_RECORDS SUPPLIED_.
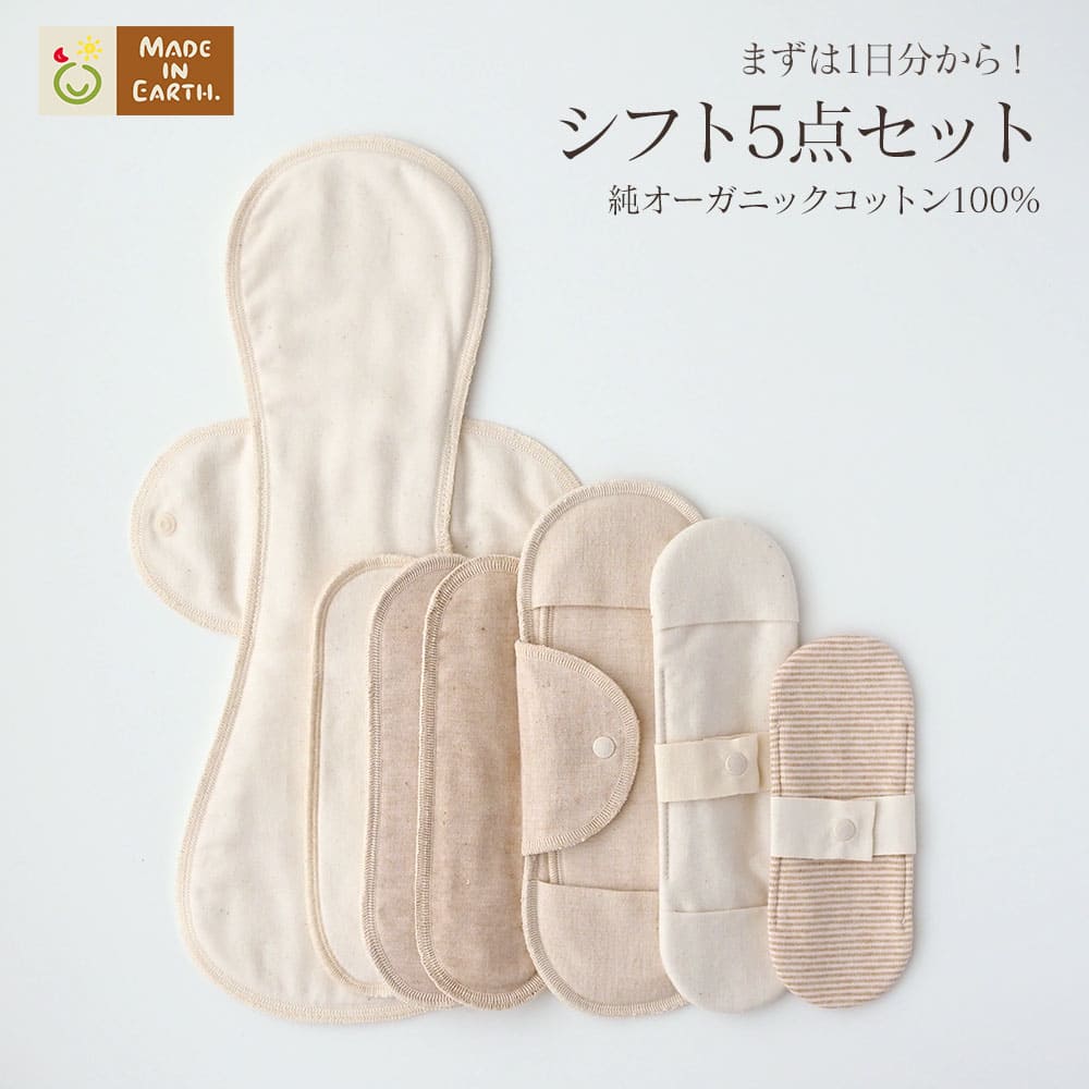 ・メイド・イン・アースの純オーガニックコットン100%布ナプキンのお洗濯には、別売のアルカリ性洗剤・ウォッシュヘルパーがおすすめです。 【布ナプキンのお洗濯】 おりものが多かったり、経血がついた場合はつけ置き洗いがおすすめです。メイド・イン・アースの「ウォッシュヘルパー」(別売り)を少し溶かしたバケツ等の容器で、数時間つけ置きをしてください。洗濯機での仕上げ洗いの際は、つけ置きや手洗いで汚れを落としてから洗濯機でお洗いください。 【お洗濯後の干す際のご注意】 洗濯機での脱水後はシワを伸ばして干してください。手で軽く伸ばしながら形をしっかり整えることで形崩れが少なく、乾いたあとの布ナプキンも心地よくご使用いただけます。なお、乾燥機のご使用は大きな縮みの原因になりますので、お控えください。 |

...

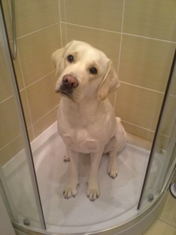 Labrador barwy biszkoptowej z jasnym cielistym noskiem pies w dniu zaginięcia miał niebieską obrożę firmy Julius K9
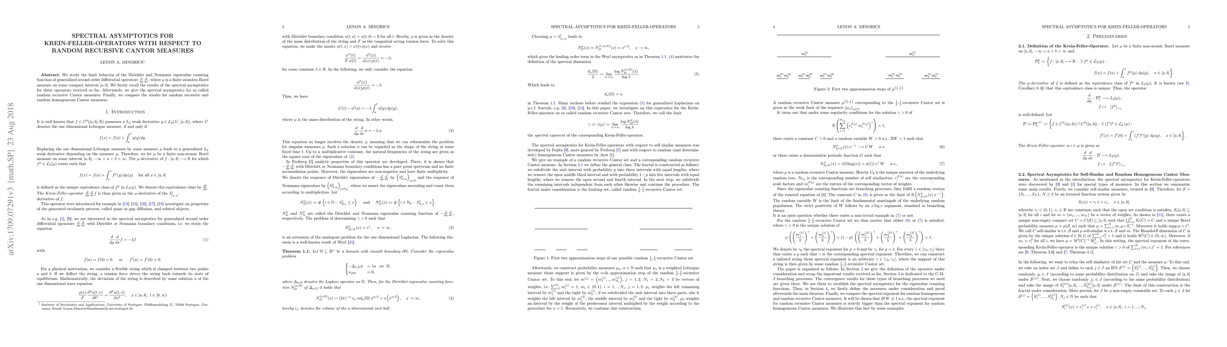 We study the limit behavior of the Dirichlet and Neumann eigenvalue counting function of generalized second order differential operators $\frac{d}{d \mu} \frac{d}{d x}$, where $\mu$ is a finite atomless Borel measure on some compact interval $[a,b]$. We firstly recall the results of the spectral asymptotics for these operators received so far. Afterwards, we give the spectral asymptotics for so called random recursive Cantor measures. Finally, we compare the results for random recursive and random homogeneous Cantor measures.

_PROBLEM DETAILS_.
What are the lines in the records above, word for word, from the one containing "Labrador barwy biszkoptowej" through the one containing "We study the", both ends included and pictures left out?

_RESPONSE_.
 Labrador barwy biszkoptowej z jasnym cielistym noskiem pies w dniu zaginięcia miał niebieską obrożę firmy Julius K9
 We study the limit behavior of the Dirichlet and Neumann eigenvalue counting function of generalized second order differential operators $\frac{d}{d \mu} \frac{d}{d x}$, where $\mu$ is a finite atomless Borel measure on some compact interval $[a,b]$. We firstly recall the results of the spectral asymptotics for these operators received so far. Afterwards, we give the spectral asymptotics for so called random recursive Cantor measures. Finally, we compare the results for random recursive and random homogeneous Cantor measures.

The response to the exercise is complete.